■ **Material provided**
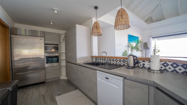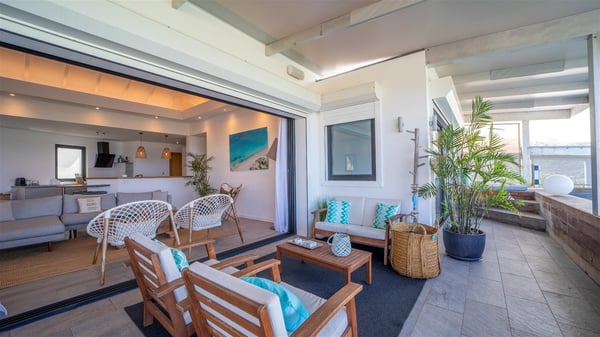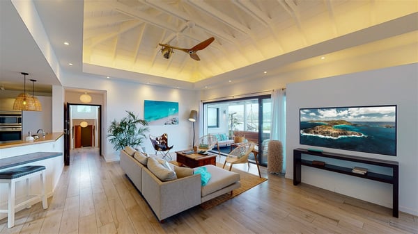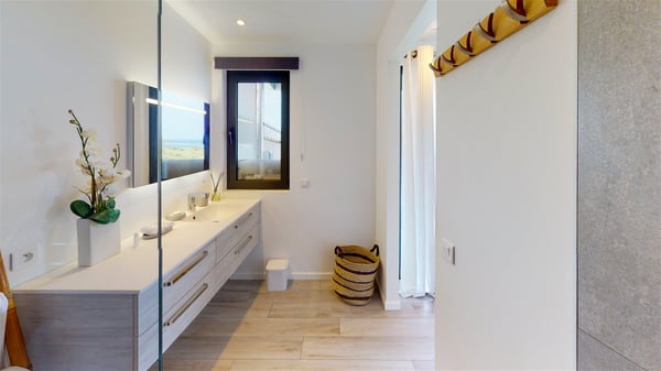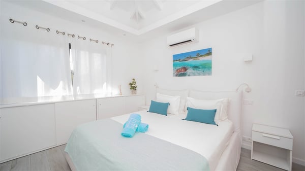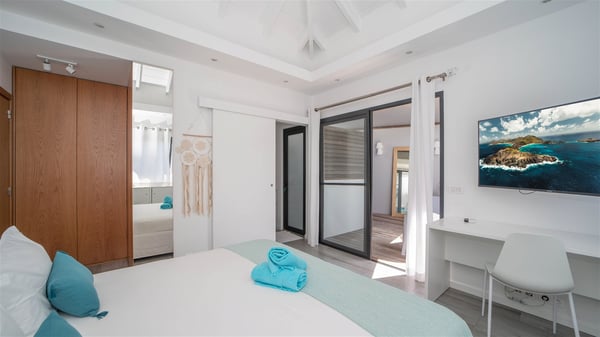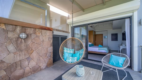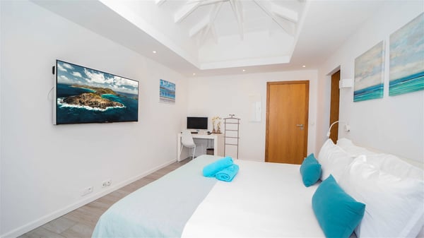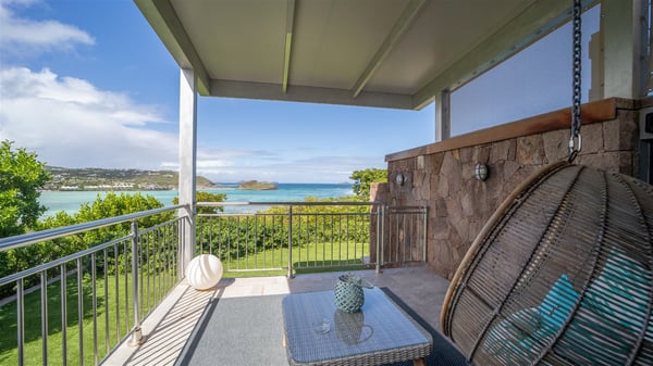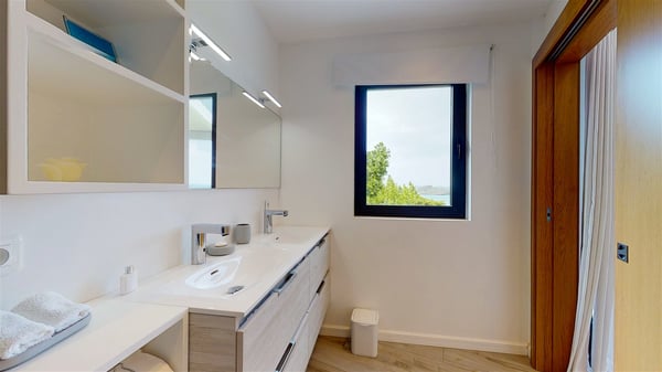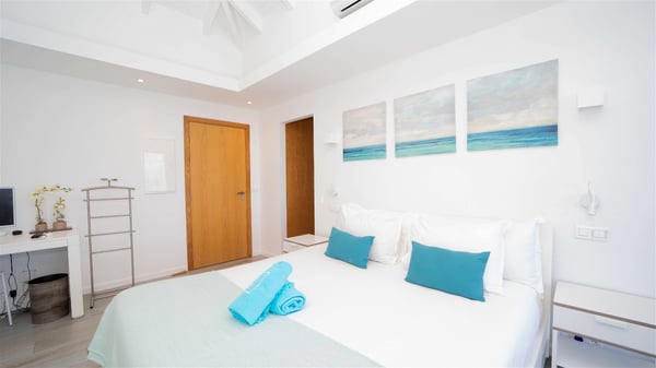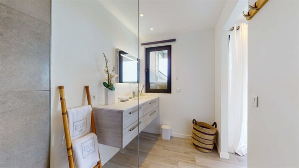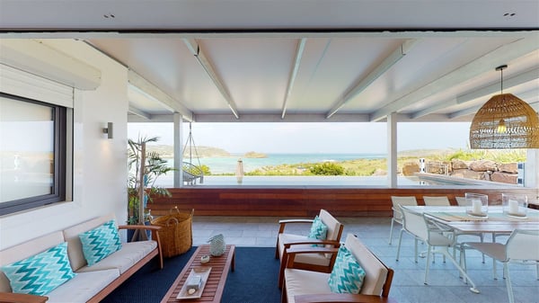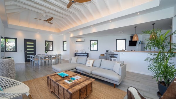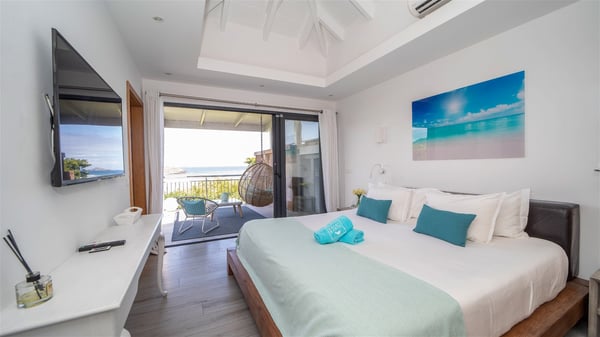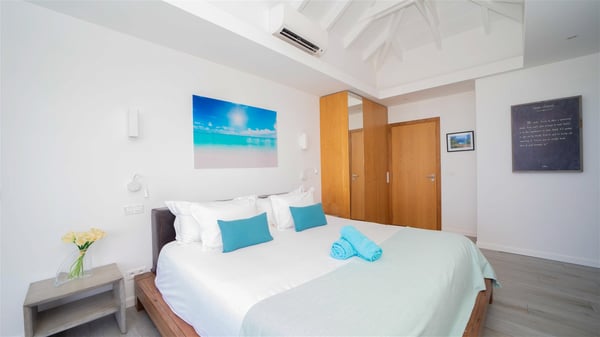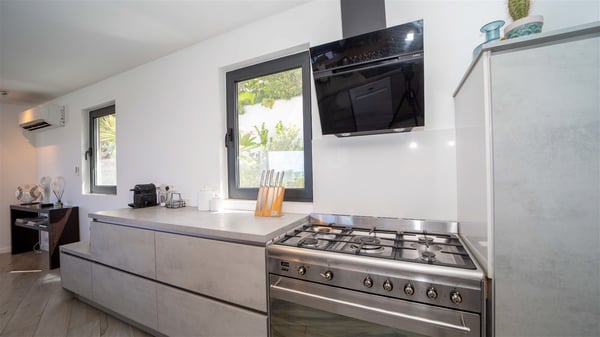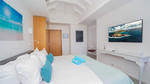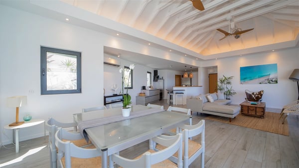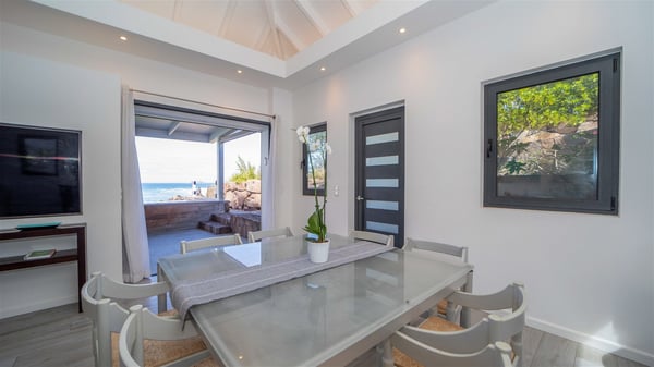 The vacation rental villa YOLO is a beautiful property located in Grand-Cul-de-Sac in front of the crystal-clear waters of St. Barths. Spacious and luxurious, this three-bedroom holiday home offers a wide range of upscale amenities in a romantic and natural setting, the perfect place for a stay with family or friends in the Caribbean beauty. Villa YOLO in St-Barth is a contemporary-style holiday rental built over two levels in front of a breathtaking ocean view. Nestled on the hillside above the bay of Grand-Cul-de-Sac, this amazing property features beautiful indoor spaces, with a fully air-conditioned living room consisting of a lounge with comfy sofas, as well as an indoor dining room that can accommodate eight guests. The light-wood parquet floors are brightened by the strikingly white walls with fine hints of colors in a welcoming atmosphere, in front of the openings onto the terrace with swimming pool and the deep blue ocean. In a most relaxing ambience, villa YOLO is a daydream, restful place to stay. At the front, YOLO’s terrace features a splendid infinity swimming pool in front of the incredible lagoon below. A second outdoor dining area for eight guests as well as a garden lounge are located under the covered area which runs alongside the living room, for fantastic moments in the gentle trade winds. A fine lawn area is also set up with comfortable loungers for pleasant sunbathing sessions in St. Barths’ sun. You will love spending time watching the perfect horizon, in the heart of the natural St-Barths’ beauty. What’s more, hiking trails are available near the villa whenever you wish to explore the Caribbean wild beauty. The vacation rental villa YOLO in St. Barths consists of three air-conditioned bedrooms with en-suite bathrooms over two levels. Located on the main level, two of them open onto amazing ocean views that can be enjoyed from the bedrooms’ private terraces. The third one is on the lower level and opens onto a lovely, well-appointed terrace overlooking the tropical garden, in an idyllic vegetal atmosphere. Located close to the lagoon and its many water activities, the holiday rental villa YOLO is the perfect place for an unforgettable vacation in St. Barths.
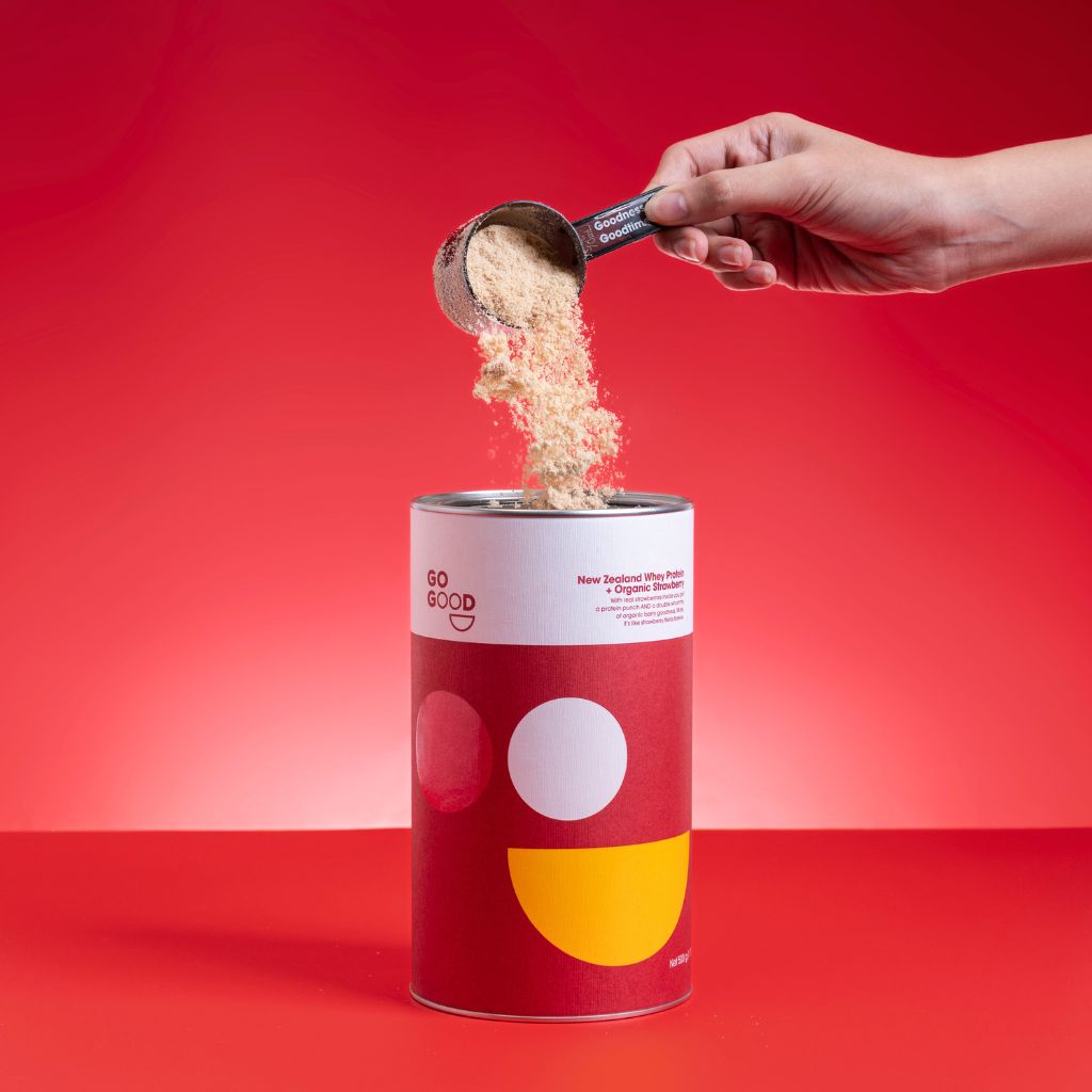 We’ve put the same love and care into our packaging as we have into our protein powders. Our canisters are made from 90% recycled cardboard, our scoop is compostable and even the packaging tape is plastic free. Go Good… go guilt free.
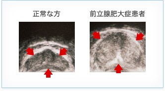 経直腸的前立腺超音波検査の画像による前立腺サイズの比較。仰向けの断面像で、写真の上方が正面。矢印内が写し出された前立腺。前立腺肥大症の患者はその形が丸く、断面積が大きくなっています。

■ **How to complete this task**
Copy the lines exactly. Start at the line with "We’ve put the", end at the last line above, include both, and omit all pictures.

■ **Solution to the exercise**
 We’ve put the same love and care into our packaging as we have into our protein powders. Our canisters are made from 90% recycled cardboard, our scoop is compostable and even the packaging tape is plastic free. Go Good… go guilt free.
 経直腸的前立腺超音波検査の画像による前立腺サイズの比較。仰向けの断面像で、写真の上方が正面。矢印内が写し出された前立腺。前立腺肥大症の患者はその形が丸く、断面積が大きくなっています。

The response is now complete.